Mr. Williams shook his head. "It all comes down to the type of folks they got running this place. Used to be, it was folks that was down in there doing the work that got to live in them nice houses, folks that earned their spot there and earned everybody else's respect. Hard working folks, "he pointed his fork at Kody, "like this boy's granddaddy. Best foreman I ever worked under."

Kody was sure he heard wrong and he knew it wasn't his place to interject, but it sounded like Mr. Williams had just said his grandfather had been the foreman. "My granddaddy?"

"Well, reckon he's your great-granddaddy. Was your mama's granddaddy."

Suddenly nothing tasted good at all, but wasting his food wouldn't be mannerly so he continued eating.

Mr. Williams continued. "Good folks like that wouldn't dream of having somebody else clean their house when they could do it theirselves. Now I ain't sayin' we can't use the money it brings in, but it ain't right to treat somebody providing you with a service that way." He shook his head. "That's just the type of folks they are, folks that think the world owes 'em something. And it's a shame that's the type they got running the show."

"What's more," Mrs. Williams added, "I was there two hours after I normally would've been and they ain't paying me a penny extra for it."

Leslie's parents discussed the possibility of her mother no longer cleaning houses, and though he truly agreed that it was unfortunate the way the foreman's wife and daughters had treated Mrs. Williams, Kody couldn't pay attention to the conversation anymore. All he could think about was what Mr.
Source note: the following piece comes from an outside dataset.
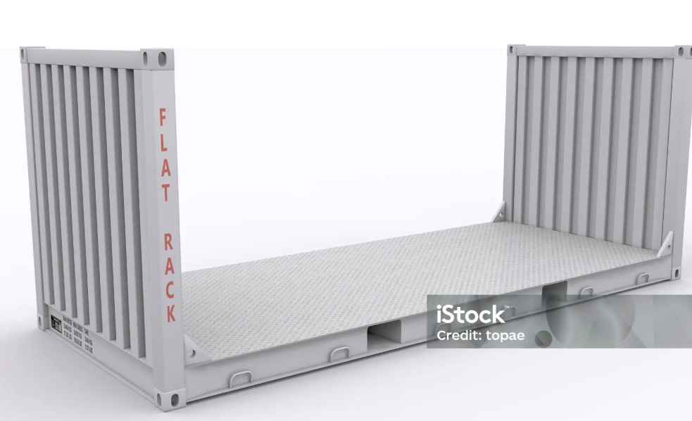 마지막으로는 FLAT RACK 컨테이너입니다. FLAT RACK 컨테이너와 앞서 설명드린 OPEN TOP 컨테이너는 사실 OOG(Out of Gauge) 컨테이너로 분류되는데요! 컨테이너 규격을 벗어난다는 점에서 공통점을 가지고 있습니다. OPEN TOP이 상단만 개방된 컨테이너였다면, FLAT RACK 컨테이너는 천장은 물론 긴 벽면도 제거된 컨테이너입니다. 컨테이너의 양끝쪽과 바닥만 있기 때문에 이게 컨테이너가 맞나 하는 생각이 들게 됩니다. 이 컨테이너는 역시 기존의 DRY 컨테이너와 OPEN TOP으로 커버가 되지 않았던 사이즈가 큰 중장비 화물을 선적하는데 주로 사용하게 됩니다.
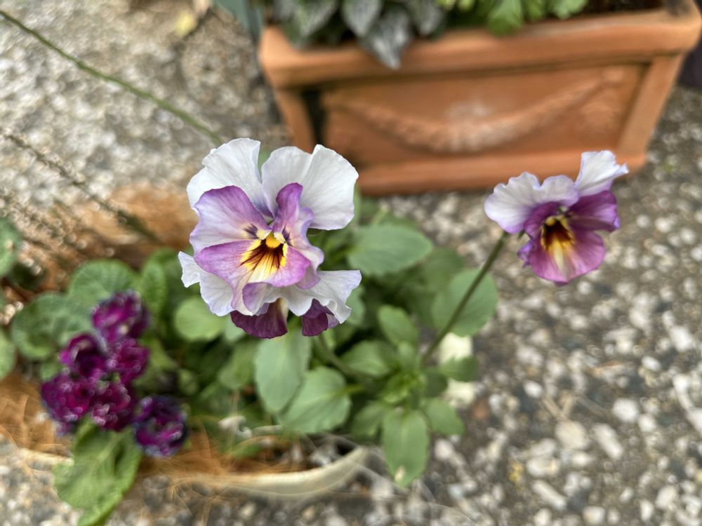 ①今日のお花がプリムラということで、寄せ植えに使っているジュリアン・ラブ♪白が少し入っていて、それがキラキラしているように見えるんですよね✨

Williams had just unwittingly told him.

He cleaned his place and thanked the three of them for having him, then took his dishes to the sink and told them he needed to head home. Leslie asked to be excused and followed him out to the porch.

"Hey, are you alright?" she asked after pulling the front door to.

"Yeah, I'm fine. Why?"

"You just look like something's bothering you or you don't feel good or something. Are the dumplins not sitting well with you?"

He forced a laugh. "The dumplins were fantastic. I just think your folks need a little private time to sort things out and me being here isn't ---" he searched for the word he needed--- "conducive to that. Your mother seems pretty upset, and rightfully so. And I don't wanna be here when J.D. meets his fate."

"Yeah, he's got it coming. And Mama's so shook up I doubt we'll even go to church tonight." Leslie looked through the crack in the door to be sure no one was around, then gave him a peck on the cheek. "So you're right. You best be getting yourself on home."

He smiled then turned and stepped off the porch then started off walking toward the holler. His mind was racing, trying to put together pieces of a puzzle that had no picture to guide him. Those pieces were falling together but they weren't making any sense.

Mama would be home soon, he knew, and that would be a whole other dilemma. He could come right out and ask her but there was probably good reason that secrets had been kept, and he probably didn't want to know the truth, if he was even given the truth at all. If he didn't ask, the questions would continue eating at him, because he knew they wouldn't get out of his head no matter how bad he wanted them out.

He told himself that the queasiness was due to the sticky heat and the belly full of chicken and dumplins and sweet tea, but it got worse with each step toward home.